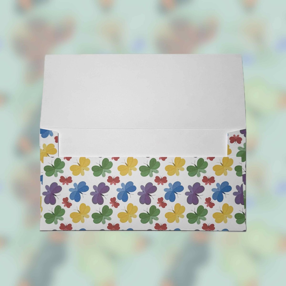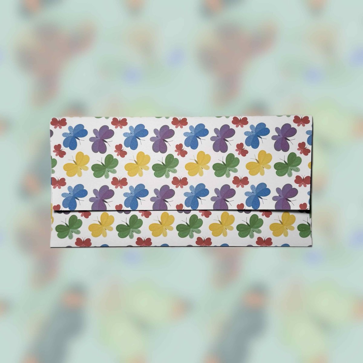 Papírová darovací ručně skládaná obálka s potiskem autorskou grafikou - barevní motýli na bílém pozadí. Obálka z bílého papíru gramáže 160 g/m2 s inkoustovým potiskem.
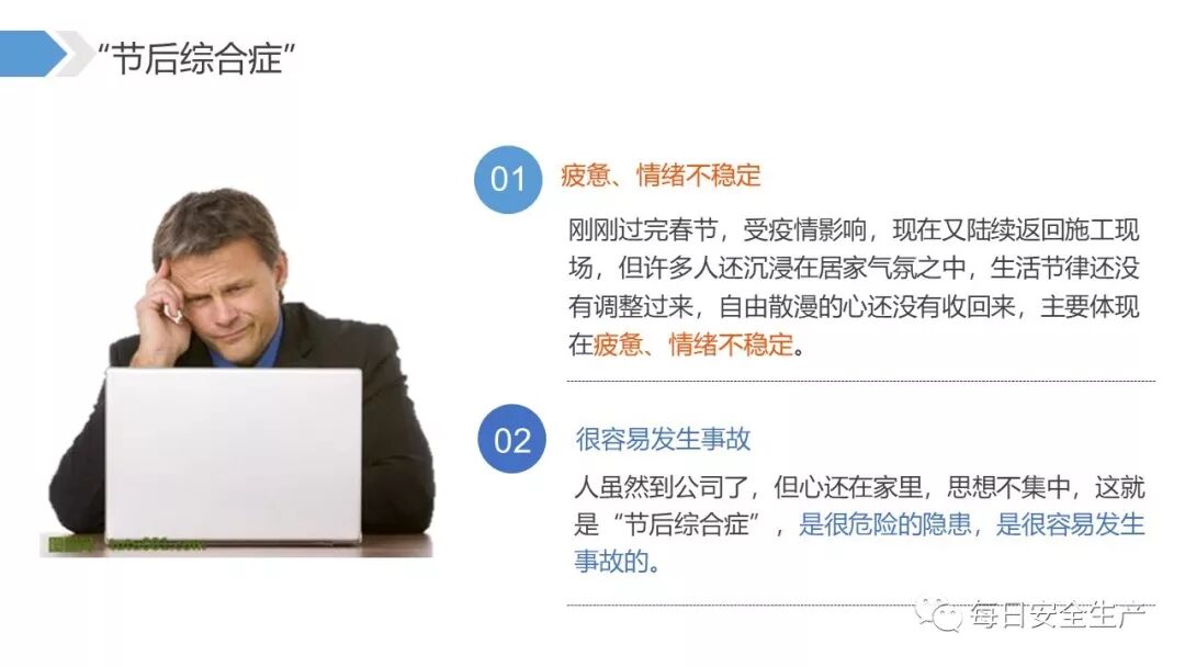 复工复产时段历来为各类生产安全事故易发高发时期,今年受新型冠状病毒疫情影响,公共卫生安全和企业生产安全风险叠加,复工复产安全管理任务重、压力大,企业要高度重视、格外小心,采取有效措施积极应对各类不利因素。
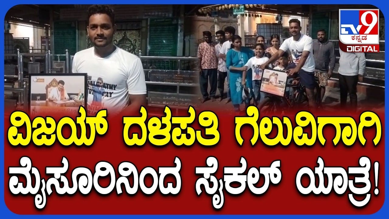 ತಮಿಳು ಚಿತ್ರರಂಗದ ಸೂಪರ್ ಸ್ಟಾರ್ ದಳಪತಿ ವಿಜಯ್ (Thalapathy Vijay) ಅವರು ರಾಜಕೀಯಕ್ಕೆ ಧುಮುಕಿದ್ದು ಟಿವಿಕೆ ಹೆಸರಿನ ರಾಜಕೀಯ ಪಕ್ಷ ಸ್ಥಾಪಿಸಿ, ತಮಿಳುನಾಡು ಚುನಾವಣೆಗೆ ಸ್ಪರ್ಧಿಸುತ್ತಿದ್ದಾರೆ. ಭರ್ಜರಿಯಾಗಿ ರಾಜ್ಯದಾದ್ಯಂತ ಪ್ರಚಾರ ಮಾಡುತ್ತಿರುವ ದಳಪತಿ ವಿಜಯ್ ಅವರು ಖುದ್ದಾಗಿ ಎರಡು ಕ್ಷೇತ್ರಗಳಿಂದ ಚುನಾವಣೆಗೂ ಸಹ ಸ್ಪರ್ಧೆ ಮಾಡಿದ್ದಾರೆ. ದಳಪತಿ ವಿಜಯ್ ಅವರಿಗೆ ಉತ್ತಮ ಬೆಂಬಲ ತಮಿಳುನಾಡಿನಲ್ಲಿ ವ್ಯಕ್ತವಾಗುತ್ತಿದೆ. ಇದೀಗ ಮೈಸೂರಿನಿಂದ ಅರುಳ್ ಸೆಲ್ವಂ ಹೆಸರಿನ ಯುವಕ ಸೈಕಲ್ ಯಾತ್ರೆ ಮಾಡಿಕೊಂಡು ತಮಿಳುನಾಡಿಗೆ ಹೋಗಿ ವಿಜಯ್ಗೆ ಬೆಂಬಲ ಸೂಚಿಸಲಿದ್ದಾರೆ. ಇಲ್ಲಿದೆ ನೋಡಿ ವಿಡಿಯೋ…
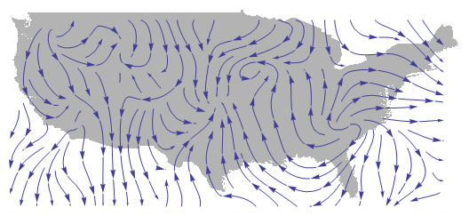 Show[Graphics[{GrayLevel[.7], CountryData["USA", "Polygon"]}], ListStreamPlot[ Table[{{x, y}, -Through[{Sin, Cos}[ WeatherData[{y, x}, "WindDirection"] \[Degree]]]}, {x, -125, -67, 4}, {y, 24, 50, 4}]]]
_ _ _ _ _ _ _
Aim of the task:
Reproduce exactly, and only, the lines from the opening line of the listing above through the line holding "复工复产时段历来为各类生产安", minus the pictures.

Answer area:
 Papírová darovací ručně skládaná obálka s potiskem autorskou grafikou - barevní motýli na bílém pozadí. Obálka z bílého papíru gramáže 160 g/m2 s inkoustovým potiskem.
 复工复产时段历来为各类生产安全事故易发高发时期,今年受新型冠状病毒疫情影响,公共卫生安全和企业生产安全风险叠加,复工复产安全管理任务重、压力大,企业要高度重视、格外小心,采取有效措施积极应对各类不利因素。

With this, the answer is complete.